» Alors écrire . Pour la faire démourir un peu. Faire vivre son souvenir, lui parler comme si elle était encore là. Renouer avec elle, la redécouvrir, nous redécouvrir, lui pardonner, l’aimer de nouveau. Ecrire pour faire le point. Ordonner les évènements. Retrouver les sentiments. Et puis écrire pour créer. Une pulsion de vie opposée à une pulsion de mort. » (P. 12-3)
Une mère de famille se jette sous un TGV. Suicide banal diront certains…ça arrive tous les jours. mais l’auteur est le fils de cette désespérée, un fils qui, comme le dit la quatrième de couverture « apprend à lui pardonner cet abandon ».
L’éditrice me proposa cette découverte.
Une proposition toujours difficile à accepter…pourrais dire et comment que je n’ai pas aimé, que je n’ai pas apprécié…si, par hasard, c’est le cas?
Impossible pour moi d’être complaisant, ce ne serait pas honnête ! Le sujet allait-il d’autre part rallumer des cendres bien tièdes, presque froides, avec le temps, des cendres de relations familiales, personnelles ?
Et c’est ce dernier point, ces dernières cendres tièdes, presque froides qui me firent accepter cette proposition….Voir comment un auteur peut traiter ce mal-être qui est le sien,…voir comment personnellement je peux me retrouver, en partie, dans cette lecture.
En abordant ce sujet personnel, l’auteur, certes aborde les causes, nombreuses qui au fil du temps, poussèrent sa mère sous ce train, les relations familiales, les non-dit, cette poussière qu’on croyait perdue parce qu’elle avait été laissée sous les lits…les relations avec son père, les relations père-mère…..relations qui toutes démolirent progressivement cette femme. Et en analysant tout ceci, c’est également une analyse personnelle que l’auteur entreprend.
Dérangeant ! rien n’est inventé, tout est vrai, tout est analysé sans complaisance, tous ces petits coups de pelle légers qui progressivement creusèrent ce trou. Il tente de les comprendre, de les mettre en perspective, de démontrer l’impossibilité d’accompagner cette mère, l’amour impossible de cette mère, les aléas familiaux…bref, toutes ces petites choses qui sapent petit à petit la moral…et qui petit à petit disloquent une famille. Et qui l’ont également perturbé, comme tous les autres membres de la famille.

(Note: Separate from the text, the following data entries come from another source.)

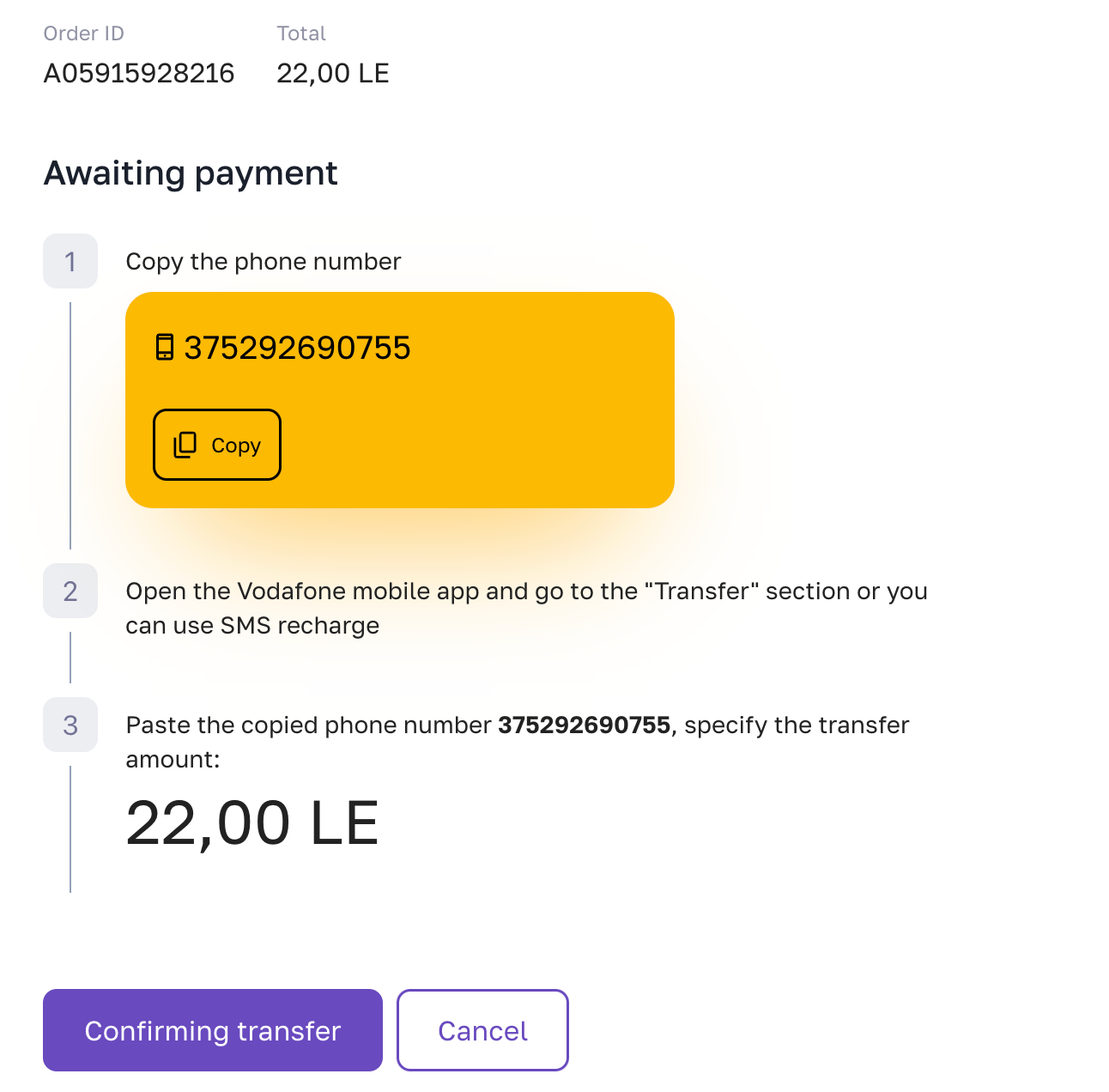 Transfer type | Transfer via mobile wallet (Vodafone Cash) |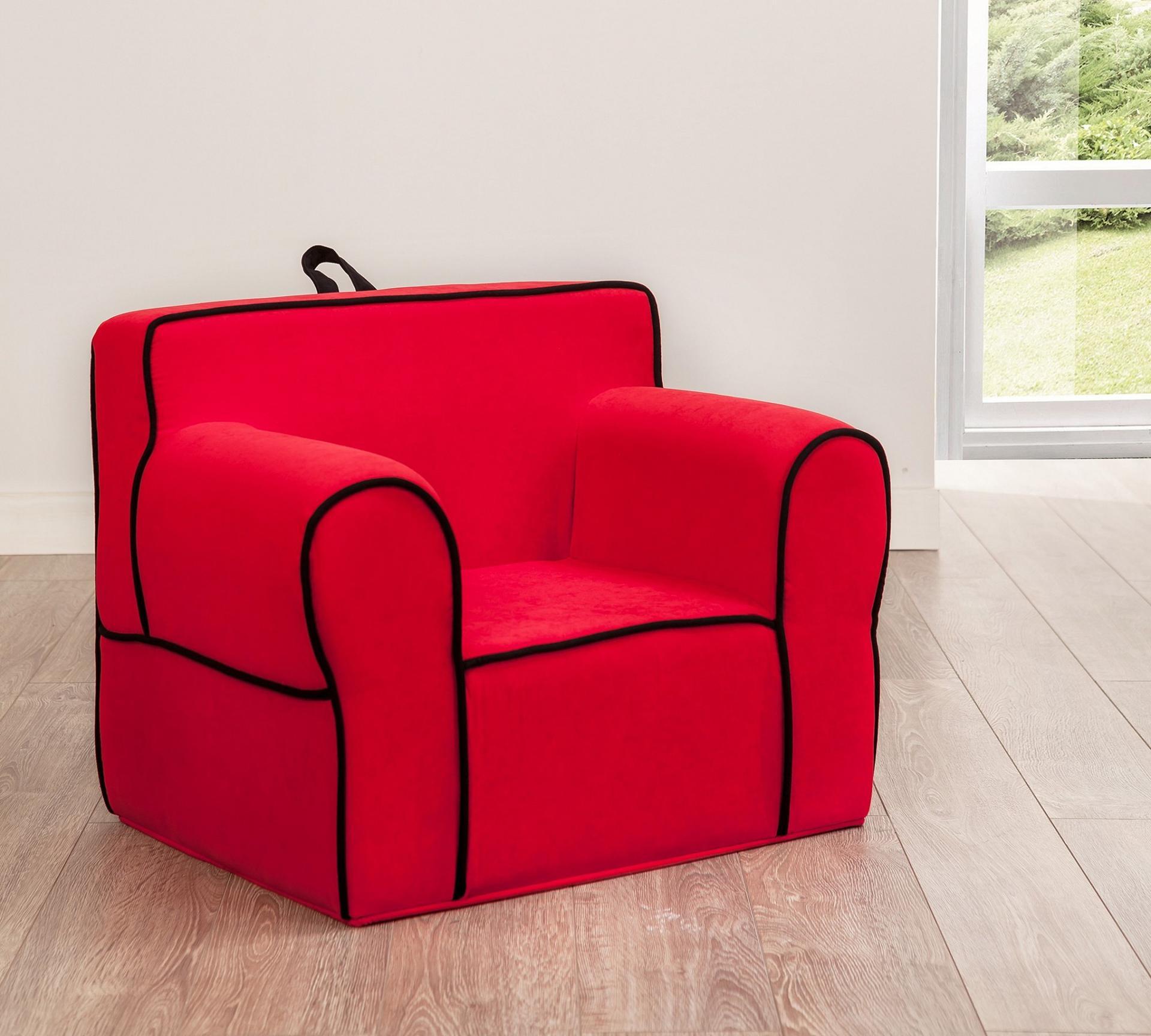 Пуфик изготовлен в форме кресла: имеет сиденье, спинку, боковые подлокотники. Поэтому сидеть на нем удобно как самым маленьким, так и детям постарше. Спина находится в удобном положении, осанка сохраняется правильной. Пуфик не имеет тяжелой конструкции, п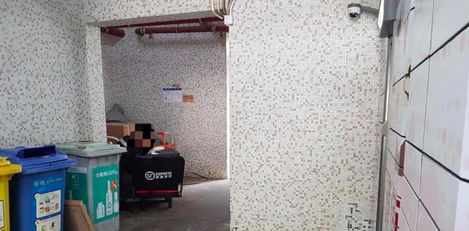 ▼3月15日,有網友在臉書專頁「小西灣富景花園居民聯絡組」發文,稱在富景花園第9座地下行人通道,看到一名順豐送貨員坐在通道旁邊的一張長櫈上,把手推車當飯桌,並脫下口罩用餐。原po認為,送貨員在街頭進食影響衛生,自己已向物業管理公司及保安公司投訴。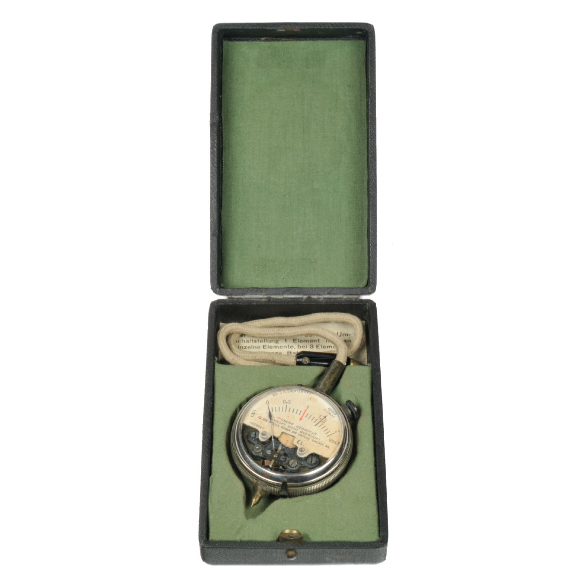 | Beschreibung | Der Elementprüfer ist ein Spannungszeiger mit kleinem Stromverbrauch, also großem inneren Widerstand. Durch Drücken auf die Taste wird parallel zum Instrument ein bekannter kleiner Widerstand geschaltet. Man kann daher die Elemente sowohl in nahezu offenem Zustand wie auch bei Strombelastung prüfen und misst also die elektromotorische Kraft und die Klemmenspannung des Elementes. Aus dem Unterschied der beiden gemessenen Werte kann man auf die Güte des geprüften Elementes schließen, da diese Differenz dem inneren Widerstand des Elementes proportional ist. |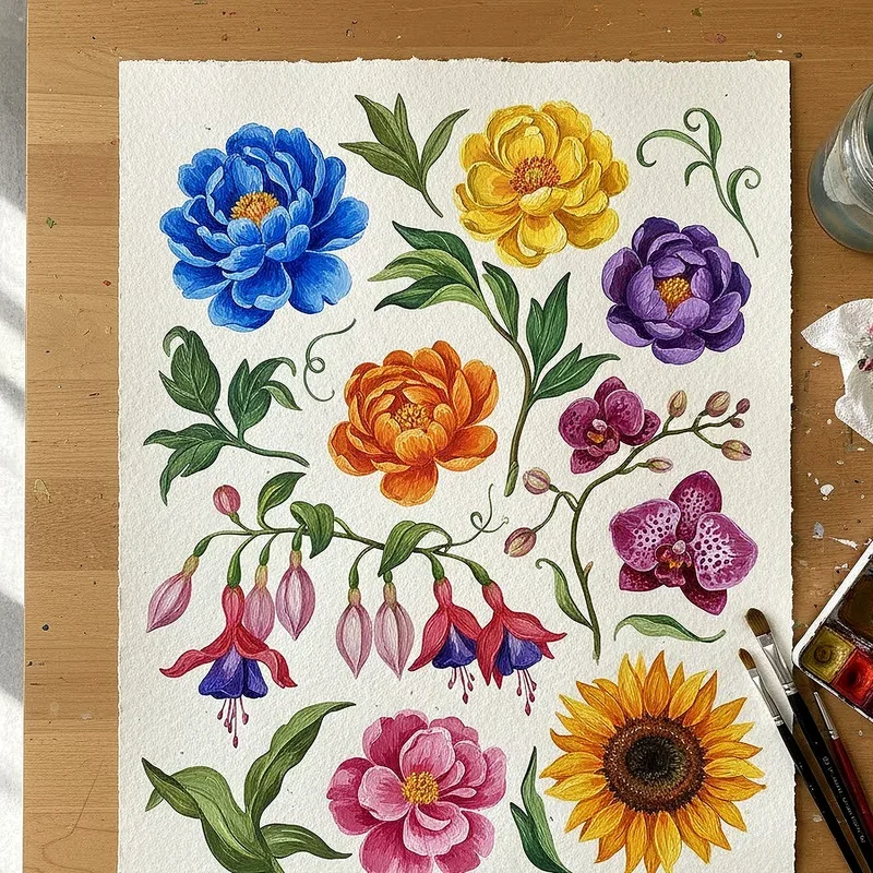 Botanical illustrations showcase gouache's ability to capture both delicate details and bold, saturated colors that make flowers pop off the page. Begin with light washes to establish your flower's basic shape, then gradually build up layers to create depth and dimension in petals and leaves. The medium's matte finish beautifully captures the velvety texture of rose petals or the waxy surface of tropical blooms. You can achieve incredible detail by using small brushes with thick gouache for stamens, pistils, and fine veining on leaves. This subject matter helps develop your color mixing skills while teaching you how gouache behaves differently at various consistencies, from thin glazes to thick impasto applications.
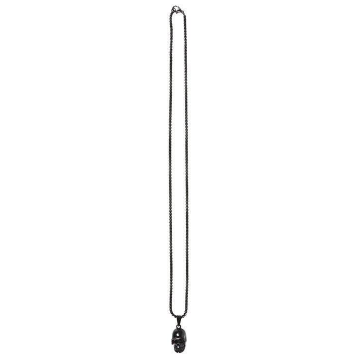 Blending gothic charm and modern style this black stainless steel skull pendant necklace is a striking accesory. Perfect for those who love to make a statement the necklace design combines the edgy appeal of the skulls with the sleekness of black stainless steel. Jewellery is nickel free.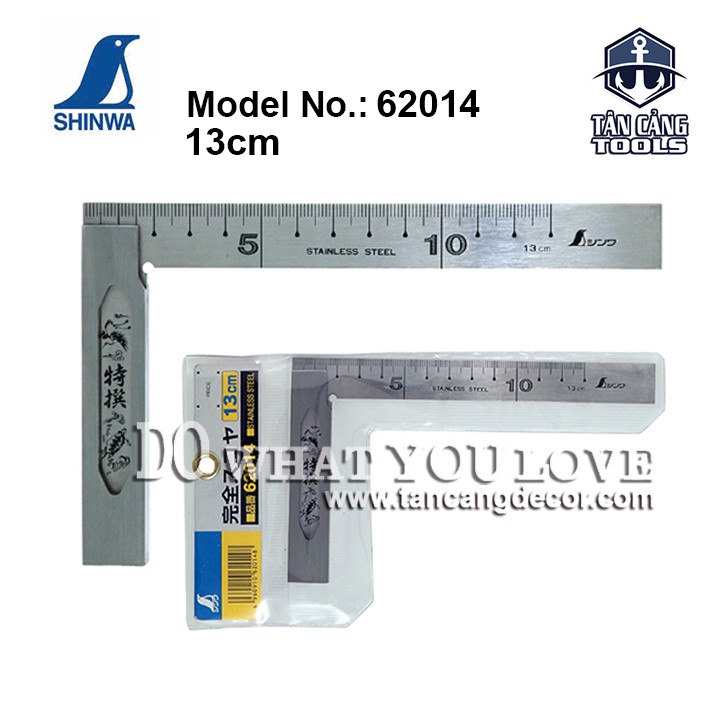 ️Thước Eke Vuông 13 cm Shinwa 62014 * Mô Tả Sản Phẩm : - Thương Hiệu : SHINWA - Sản xuất tại Trung Quốc theo tiêu chuẩn thị trường Nhật Bản - Mã Hiệu : 62014 - 4960910620148 - Màu Sắc : Màu Bạc. - Chất Liệu : Thép Chống Sỉ Rét - Được Phủ 1 Lớp Crom Cứng. - Kích Thước 2 Cạnh : + 94 x 18 x 8 mm. + 161 × 18 × 1,5 mm. - Trọng Lượng : 110 Gram. - Độ Sai Số Góc 90 Độ : Dưới 0,1 mm. - Dung Sai Chiều Dài : ± 0,3 mm. - Đơn Giá Bán 1 Cái. * Tính Năng Sản Phẩm : - Sản phẩm Thước Shinwa đạt tiêu chuẩn đo lượng chất lượng của Nhật Bản ( JQA, JIS ) - Với độ sai số thấp sản phẩm được dùng đểđo kích thước chiều dài, vẽ đường thẳng đánh dấu. đánh dấu. Đo 1 cách chính xác và nhanh chóng nhất. Ứng dụng nhiều cho các ngành như: công nghiệp, cơ khí chế tạo, gia công kim loại, đặc biệt lấy góc vuông trong chế tạo gỗ.... - Dụng cụ được làm bằng chất liệu cao cấp có khả năng chống oxy hoá giúp sản phẩm được kéo dài tuổi thọ và làm được ở nhiều điều kiện môi trường khác nhau. - Vạch chia được khắc âm, rõ nét, vạch chia rõ ràng bảo đảm độ bền và sự linh hoạt khi sử dụng.
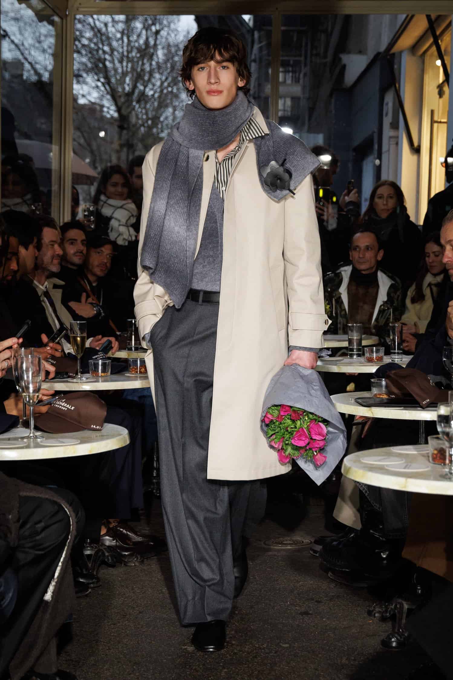 Officine Générale‘s Fall 2025 collection was especially intimate—especially as its Cafe Le Rouquet setting was mere meters away from the home of creative director Pierre Maheo! Fulfilling Maheo’s longtime goal of showing at a café, his latest co-ed designs were similarly personal—showcasing the close nature of a neighborhood hotspot. For Officine Générale, that took the form of extra-wide trousers, oversized coats, and plenty of striped shirts, light jackets, and soft sweaters to ward off the winter chill. Finishing touches like vintage books and bouquets nodded to the range of characters that frequent cafés, whether for long stays or a quick coffee pick-up.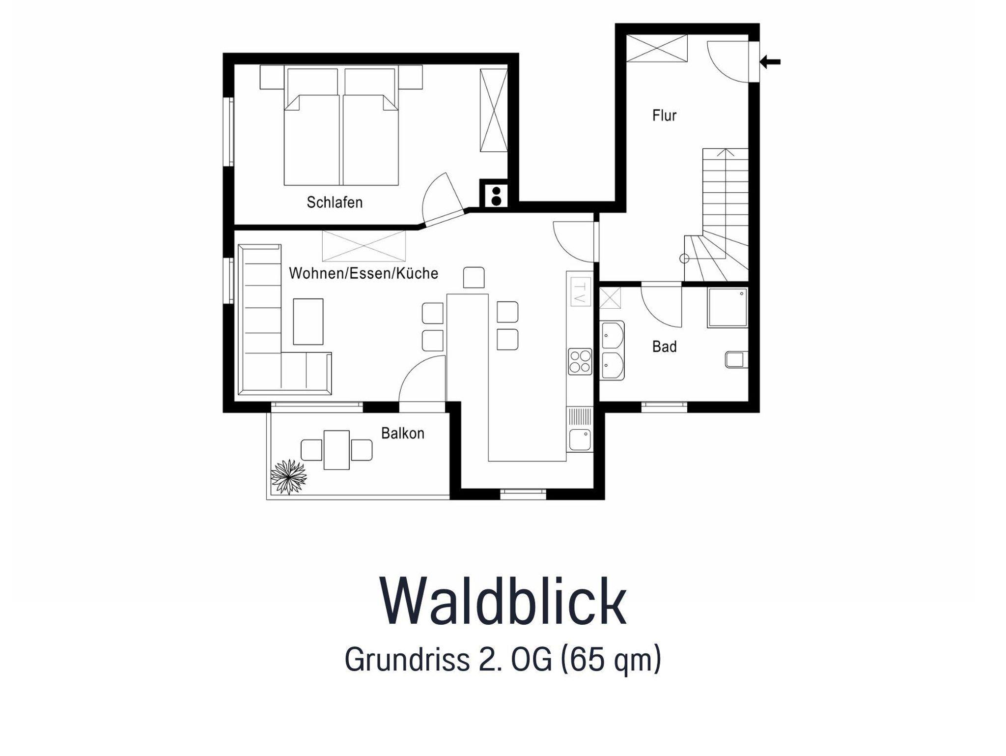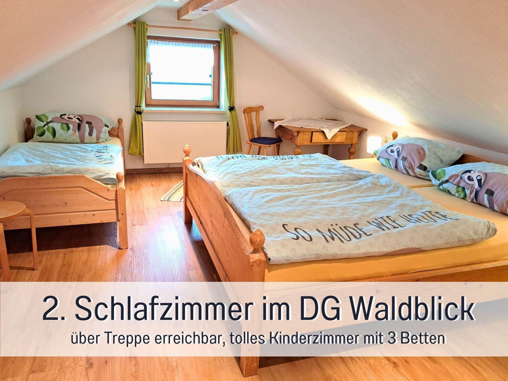Unsere Ferienwohnung Waldblick ist 65?m² groß und bietet komfortabel Platz für zwei bis fünf Personen. Ideal für Familien mit Kindern oder für Gäste, die etwas mehr Raum schätzen. Die Wohnung verfügt über zwei separate Schlafzimmer. Eines der Schlafzimmer liegt im gemütlichen Dachgeschoss und ist über eine innenliegende Treppe innerhalb der Wohnung erreichbar – ein echtes Highlight, besonders für Kinder.

Cette analyse devient une analyse psychologique, psychiatrique presque, du comportement de chacun, des relations familiales…qui devient également une analyse de son comportement de fils, de ses actes, du comportement et des actes de chacun des membres de la famille.
C’est un texte dérangeant, qui peut faire remonter certains aspects personnels d’une vie, des points qu’on croyait à jamais enfouis…ce n’est plus du roman!
D’autres que moi peuvent être dérangés, remués.
C’est ce qui fait, selon moi, une lecture enrichissante!
Editions Le chant des voyelles – 2023 – 115 pages
Lien vers la présentation de Raphaël Cuvier
Quelques lignes
- « Ma mémoire était très indulgente envers moi-même. Au moins autant qu’elle était dure avec elle. » (P. 14)
- « J’accordais beaucoup d’importance aux petits dysfonctionnements qui ne pouvaient que découler de sa maladie, quand ils n’étaient au final que de simples révélateurs d’une certaine normalité. Quel foyer peut se dire sans tache? La norme n’est pas la perfection. Il m’a fallu le comprendre. » (P. 14)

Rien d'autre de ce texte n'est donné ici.